D’une manière générale, l’ASN note que, dans tous les domaines, le partage de l’information et du retour d’expérience entre l’ensemble des acteurs du transport, bien qu’en progrès, est encore insuffisant et doit faire l’objet d’un effort renouvelé. Il ne doit pas être limité aux événements significatifs déclarés à l’ASN mais également intégrer les « signaux faibles »[3].

Enfin, la préparation aux situations d’urgence grâce à des exercices « locaux » est une pratique à encourager, compte-tenu des difficultés liées à l’organisation d’exercices de crise à l’échelle nationale.

***

Ces éléments de retour d’expérience ont fait l’objet d’une analyse par l’ASN dont le rapport est disponible en consultation publique sur asn.fr. Ce rapport liste des axes d’amélioration visant à renforcer la sûreté et la radioprotection du transport de substances radioactives, sur la base desquels l’ASN a élaboré un plan d’action ; celui-ci sera développé courant 2013 et 2014.

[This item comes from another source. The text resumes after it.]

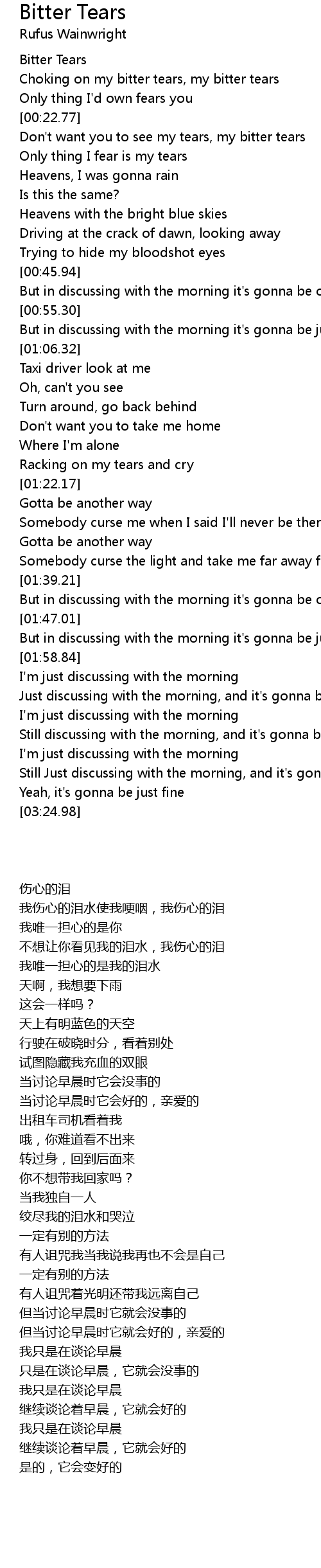 Don't want you to see my tears, my bitter tears |
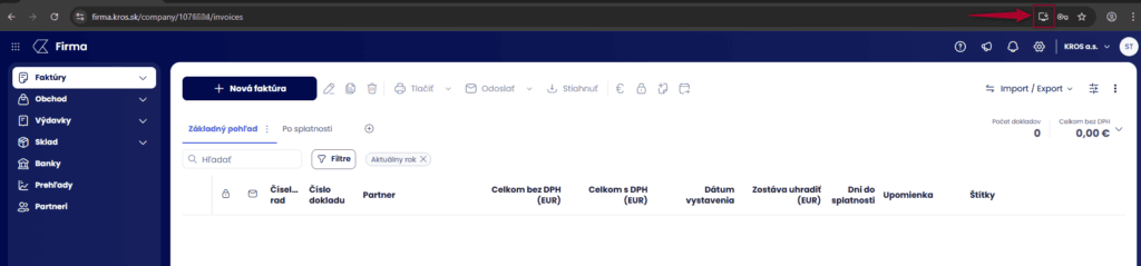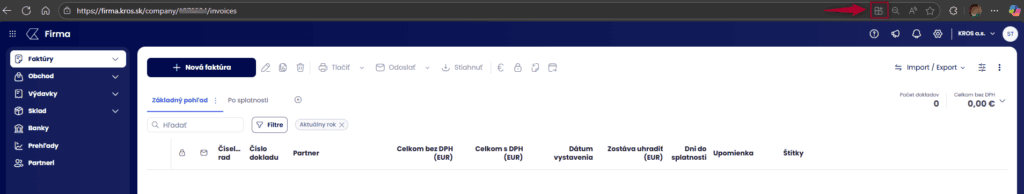 Pokiaľ používate na prácu počítač, viete si aplikáciu inštalovať priamo z webového prehliadača. Možnosť inštalácie nájdete po prihlásení do aplikácie, v pravej časti panela URL adresy, kde kliknete na príslušnú ikonu pre inštaláciu aplikácie.

Compte-tenu du caractère international du transport, les axes d’amélioration identifiés ainsi que le plan d’action mis en œuvre par l’ASN feront l’objet d’une publication ainsi que d’un partage international avec les exploitants et autorités étrangères. En particulier, ce travail sera présenté en août 2013 lors d’un congrès international sur le transport de substances radioactives (PATRAM) qui aura lieu aux Etats-Unis.

En savoir plus

 

[1] Il s’agit entre autres de la préparation des colis, la vérification des emballages (y compris leur fabrication et leur maintenance), la réalisation des tests d’étanchéité, l’élaboration des documents de transport, l’acheminement des colis, l’instruction des demandes d’agrément ou encore la préparation aux situations d’urgence propres au transport des substances radioactives.

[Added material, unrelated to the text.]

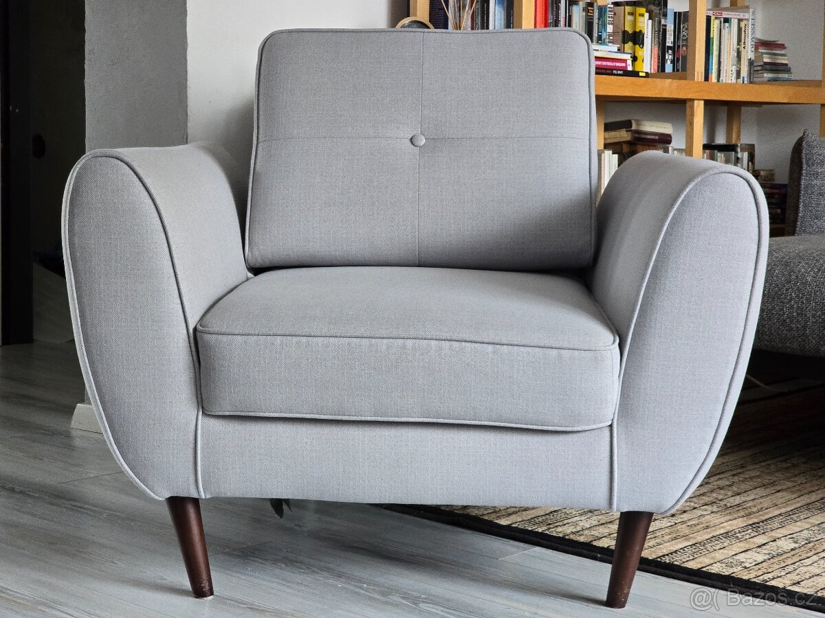 Elegantní, prostorné, pohodlné, kvalitní křeslo, které může být originálním moderním solitérem, ve stavu nového (minimální používání). Nyní za výrazně nižší cenu 3.000. Barva světle šedá.

[2] En particulier pour les colis de type B, les colis contenant des matières fissiles ou encore contenant de l’UF6.

[3] Un signal faible est une anomalie ou un ensemble d’anomalies de même nature et/ou récurrents, de faible importance mais dont l'analyse préliminaire globale peut amener à déduire des enseignements et des actions susceptibles de prévenir des événements aux conséquences plus graves.